→ DATA FOR ANALYSIS:
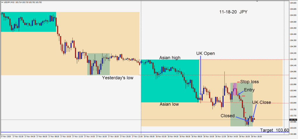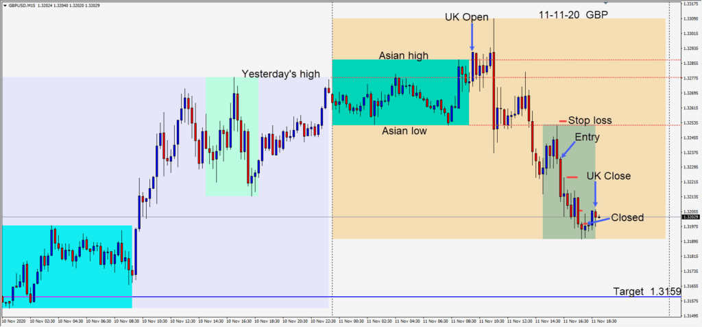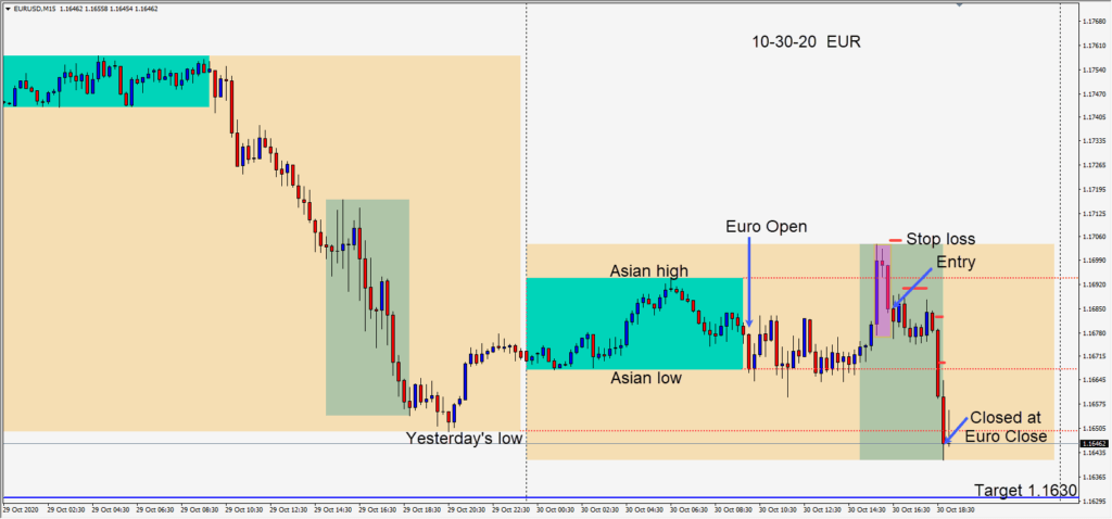 Today’s trading turned out to be more subdued than I had expected. Today is month end and the Friday before the U.S. election. The USD had a good week while U.S. equities dropped. A EURUSD short was taken today as priced failed to stay above its Asian...
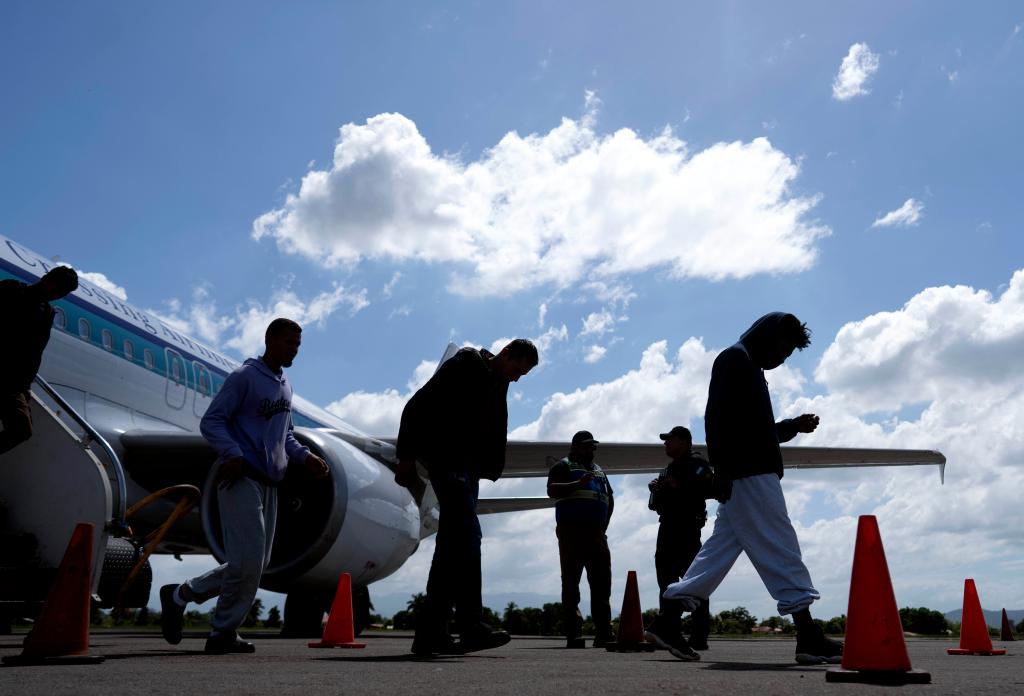 快中午時,又一架載著被美國遣返移民的航班降落。
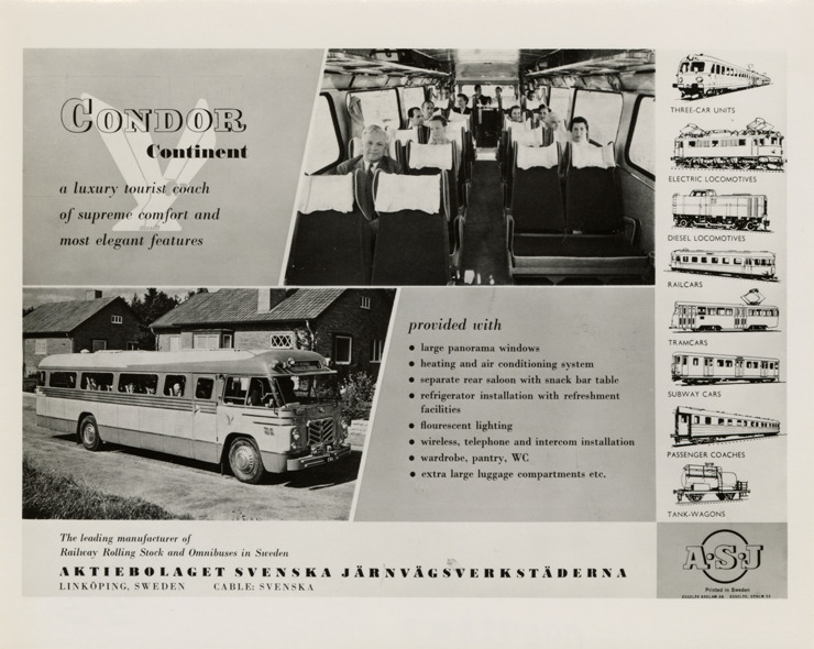 Advertisement for a Condor bus, showing exterior and interior views. Printed on front [in part]: Condor Continent, a luxury tourist coach of supreme comfort and most elegant features. The leading manufacturer of railway rolling stock and omnibuses in Sweden, Aktiebolaget Svenska Jarnvagsverkstaderna, Linkoping, Sweden."
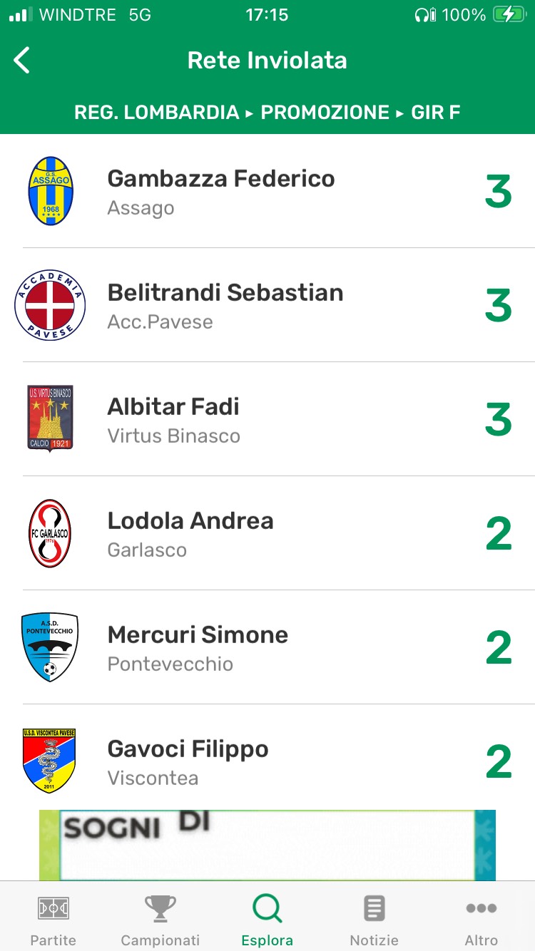 I portiere con più clean sheet, una delle statistiche disponibili sull'app di Sprint e Sport
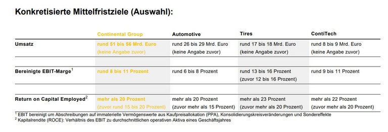 Aufgrund dieser starken Positionierung im Markt strebt der Unternehmensbereich Tires mittelfristig einen Umsatz von rund 17 bis 18 Milliarden Euro sowie eine bereinigte EBIT-Marge von rund 13 bis 16 Prozent an. Neben der Erholung der aktuell schwachen Nachfrage insbesondere im europäischen Reifenersatzgeschäft bilden dafür kontinuierliche Effizienzsteigerungen, der weiter anhaltende Trend zu größeren und leistungsfähigeren Reifen sowie eine hohe Kostendisziplin die Basis für die erwarteten Umsatz- und Margensteigerungen. Starkes Wachstumspotenzial sieht der Reifenbereich vor allem in den Regionen Asien-Pazifik sowie Nord- und Südamerika.
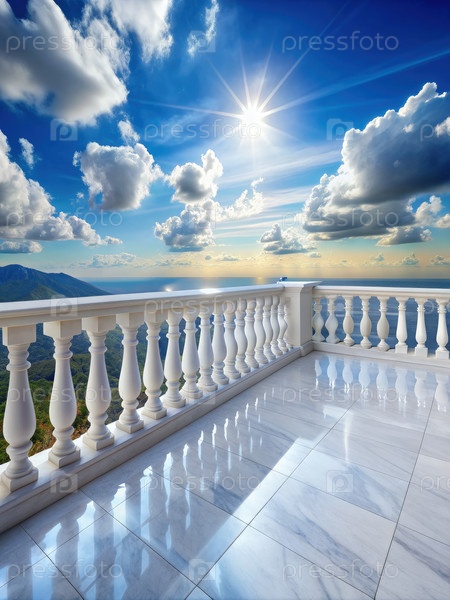 Белый мраморный балкон с видом на солнечное небо и далекие горы
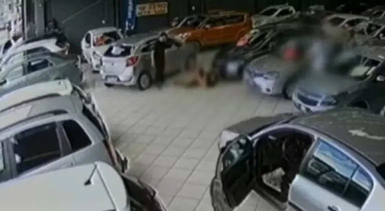 Inclusive, as imagens mostram quando o funcionário chega ao local e, depois, o atirador também chega e atira. A ação aconteceu próximo aos carros que estavam para a venda e na frente das pessoas.
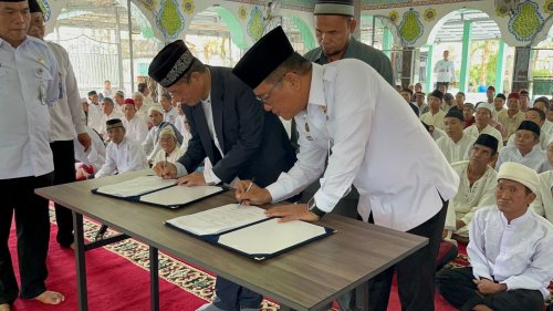 Kepala Lapas Kelas I Palembang, M. Pithra Jaya Saragih menandatangani Perjanjian Kerjasama dengan Ketua Yayasan Ponpes Khazanah Kebajikan, Imron Taslim, dan Ketua YAZRI, Andi Andrian.
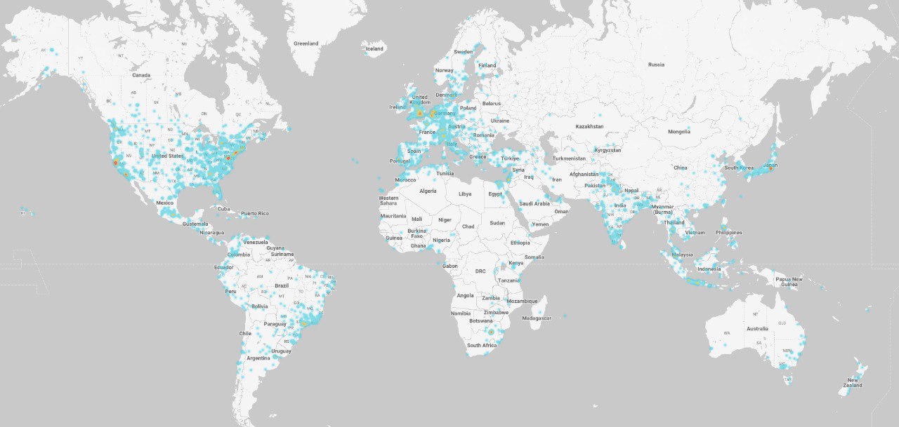 بازار کار این رشته در کشورهای اروپایی و امریکایی بهتر از چین و روسیه میباشد ( این نقشه پراکندگی متخصصان Google earth engine است که ب خوبی این امر را اثبات میکند)
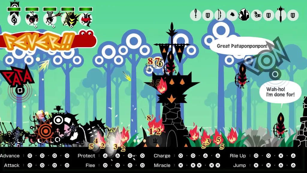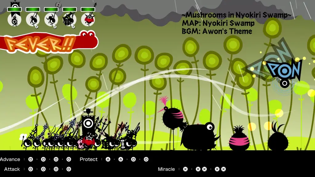 对于该系列的新手,您可以扮演 Patapons 的神,以四拍乐句敲击四个神圣的鼓:Pata、Pon、Don 和 Chaka。 “Pata Pata Pata Pon”带领小队前进,而“Pon Pon Pata Pon”则告诉矛兵放飞。我的前几分钟很艰难;多年之后,时机感觉很陌生,万代代表善意地指出了每一个不寻常的失误。一点友好的玩笑就是我所需要的动力。一旦肌肉记忆恢复,狂热状态就会爆发,伤害倍增,突然间没有人可以阻止我成为最好的,或者至少进入前三名。
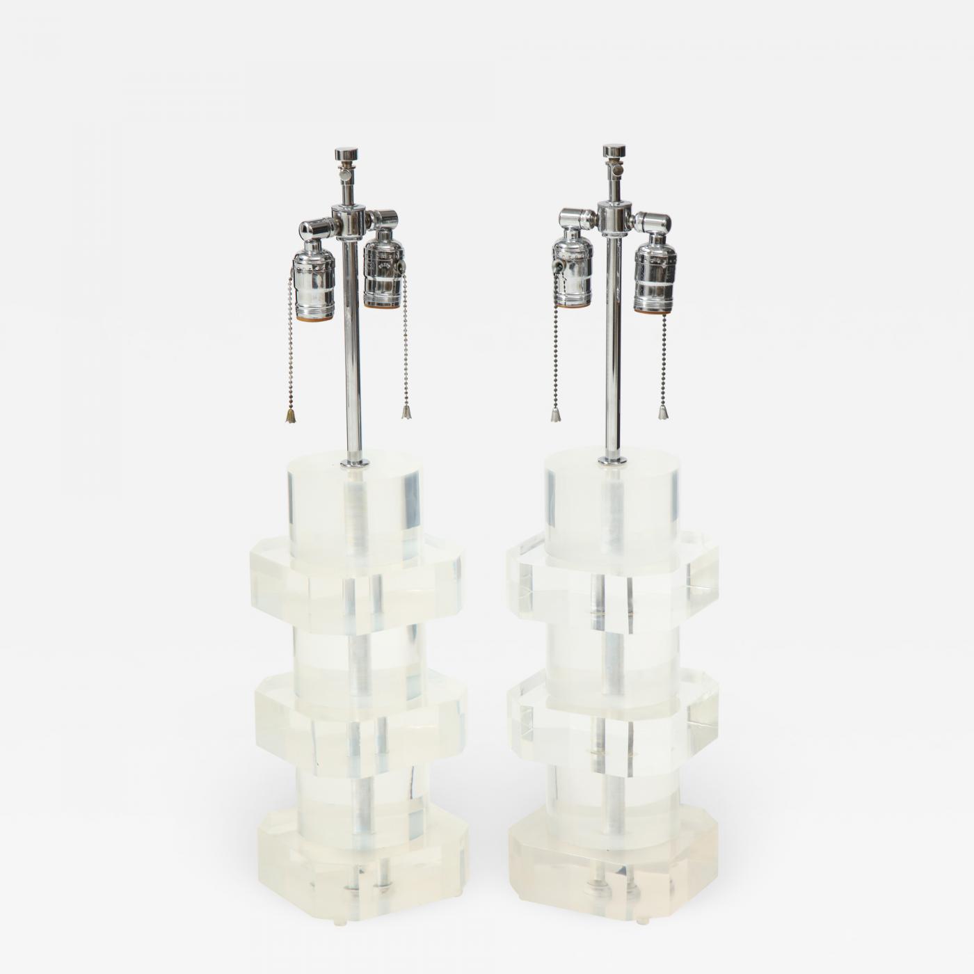 Pair of vintage stacked Lucite table lamps attributed to Karl Springer, c. 1970s.

→ ACTIVITY: Print the data exactly, from its first line to the line containing "I portiere con", both included. Omit the pictures.

→ TASK OUTPUT:
 Today’s trading turned out to be more subdued than I had expected. Today is month end and the Friday before the U.S. election. The USD had a good week while U.S. equities dropped. A EURUSD short was taken today as priced failed to stay above its Asian...
 快中午時,又一架載著被美國遣返移民的航班降落。
 Advertisement for a Condor bus, showing exterior and interior views. Printed on front [in part]: Condor Continent, a luxury tourist coach of supreme comfort and most elegant features. The leading manufacturer of railway rolling stock and omnibuses in Sweden, Aktiebolaget Svenska Jarnvagsverkstaderna, Linkoping, Sweden."
 I portiere con più clean sheet, una delle statistiche disponibili sull'app di Sprint e Sport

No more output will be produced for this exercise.